Шрифт:
Интервал:
Закладка:
Любое положение, выдвигаемое в эволюционной биологии, сразу же подвергается разносторонней критике и обсуждению с самых различных позиций. Но подвергнуть критическому рассмотрению способность мутагенеза быть источником нового в процессах видообразования никто всерьез даже и не пытался.
В самом деле, каковы основания для признания мутаций первоисточником изменений, ведущих к видообразованию, для отождествления мутационной и видообразующей изменчивости? Действительно, мутации вызывают разнообразные изменения фенотипов, эти изменения могут наследоваться в значительном числе поколений.
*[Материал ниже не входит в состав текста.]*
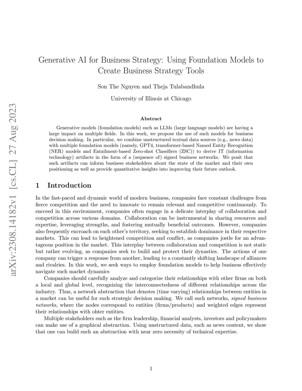 Generative models (foundation models) such as LLMs (large language models) are having a large impact on multiple fields. In this work, we propose the use of such models for business decision making. In particular, we combine unstructured textual data sources (e.g., news data) with multiple foundation models (namely, GPT4, transformer-based Named Entity Recognition (NER) models and Entailment-based Zero-shot Classifiers (ZSC)) to derive IT (information technology) artifacts in the form of a (sequence of) signed business networks. We posit that such artifacts can inform business stakeholders about the state of the market and their own positioning as well as provide quantitative insights into improving their future outlook.
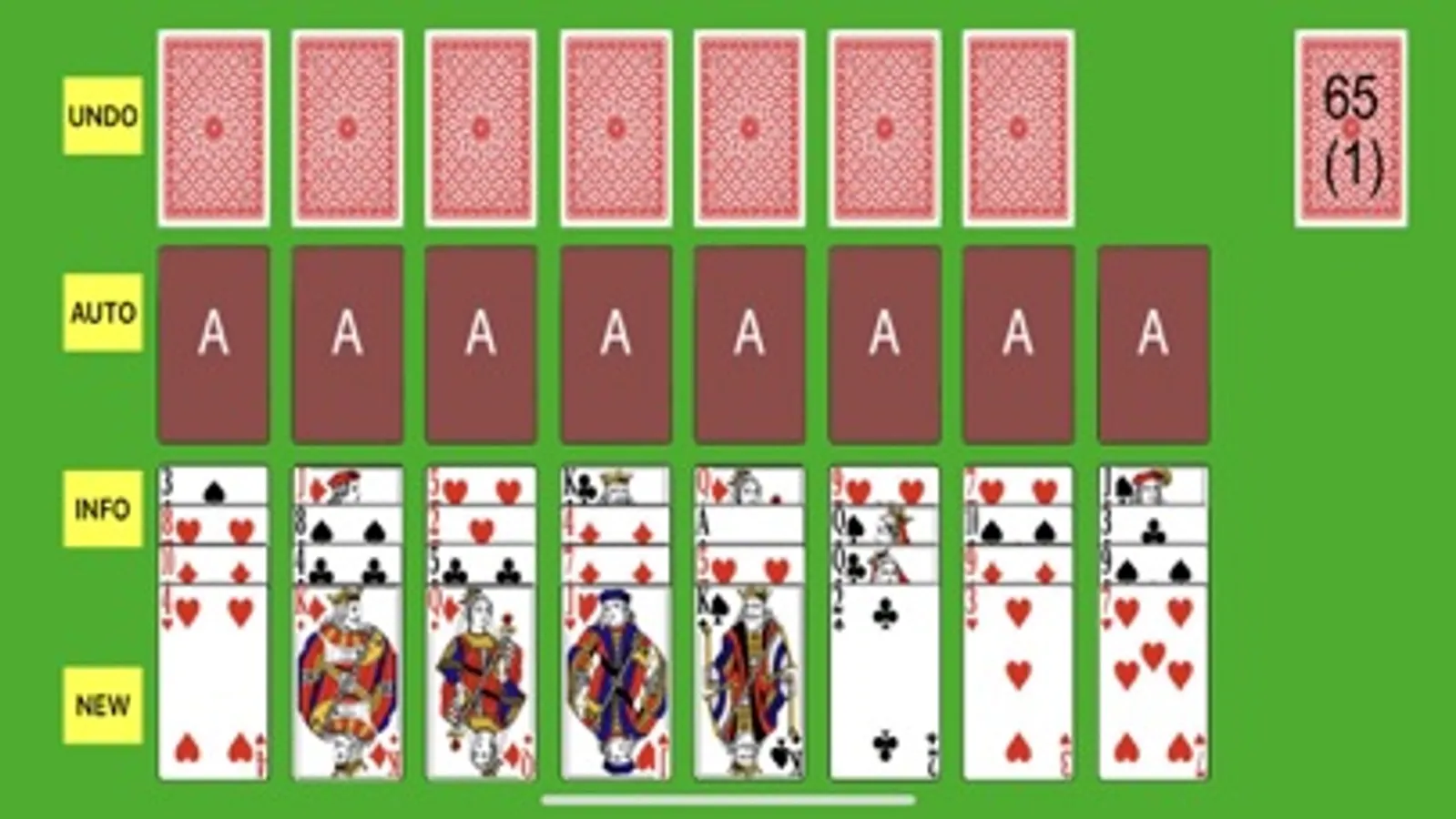 The central area on the left (2), with eight slots, is initially empty, and will be filled, as the game progresses, with eight homogeneous stacks, each with cards of the same suit, in ascending order, from Ace to King. Only the topmost card of the stack is visible.
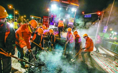 23日零时许,稻香湖路和北清路交叉路口,北京市政路桥养护集团市政三处施工人员正在摊铺沥青混凝土。稻香湖路大修工程将于“五一”前完工。
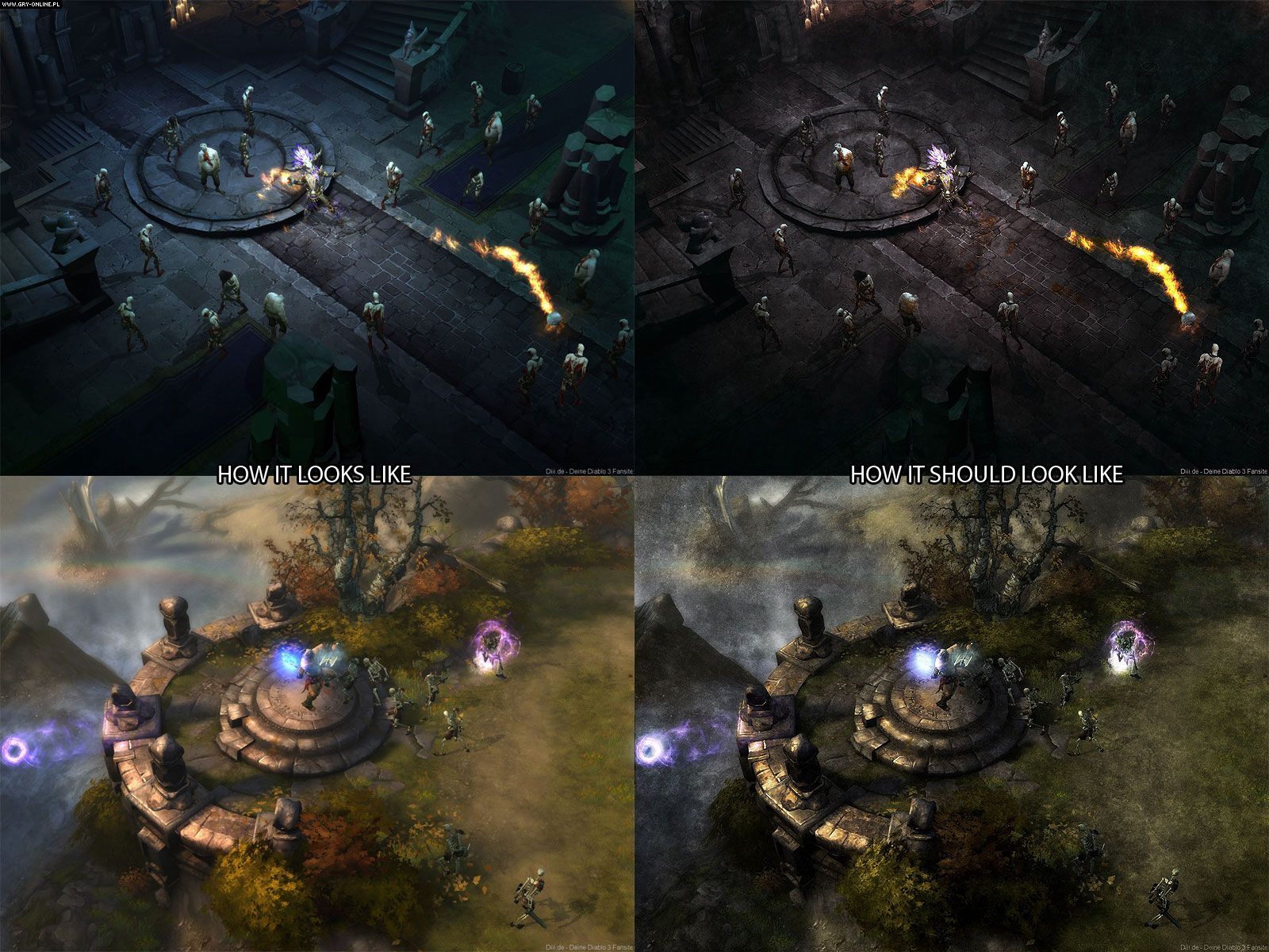 Chociaż oprawa graficzna Diablo III prezentuje się bardzo dobrze, wielu fanom serii nie przypadła do gustu. W sieci możemy znaleźć nawet petycję skierowaną do Blizzarda z prośbą o zmiany w tym aspekcie. Głównymi zarzutami pod adresem trójki są kreskówkowa stylistyka środowiska i postaci, przypominająca raczej świat Warcrafta niż starsze części Diablo, kolorowe, pełne roślin lasy, oraz zbyt duże, nierealistyczne elementy uzbrojenia. Według ludzi, którzy petycję napisali w poprzednich odsłonach mieliśmy do czynienia z gotyckim klimatem i realistycznie przedstawianym światem. Poniżej kilka zmodyfikowanych przez fanów screenshotów pokazujących, w jakim kierunku powinna pójść ekipa Blizzarda:

Они могут накапливаться в непроявленном, гетерозиготном состоянии, распространяться в генофонде популяций.
Однако мутации случайны, связаны не с борьбой за существование организмов, а с ошибками и повреждениями генетического аппарата, имеют неприспособительный характер, создают проблемы для выживания и самовоспроизведения организмов и т. д. Как выражается А. Болдачев, «трудно себе представить, что отработанный за миллиарды лет процесс адаптации биологических организмов основан на случайных ошибках генного механизма» (Там же, с. 122).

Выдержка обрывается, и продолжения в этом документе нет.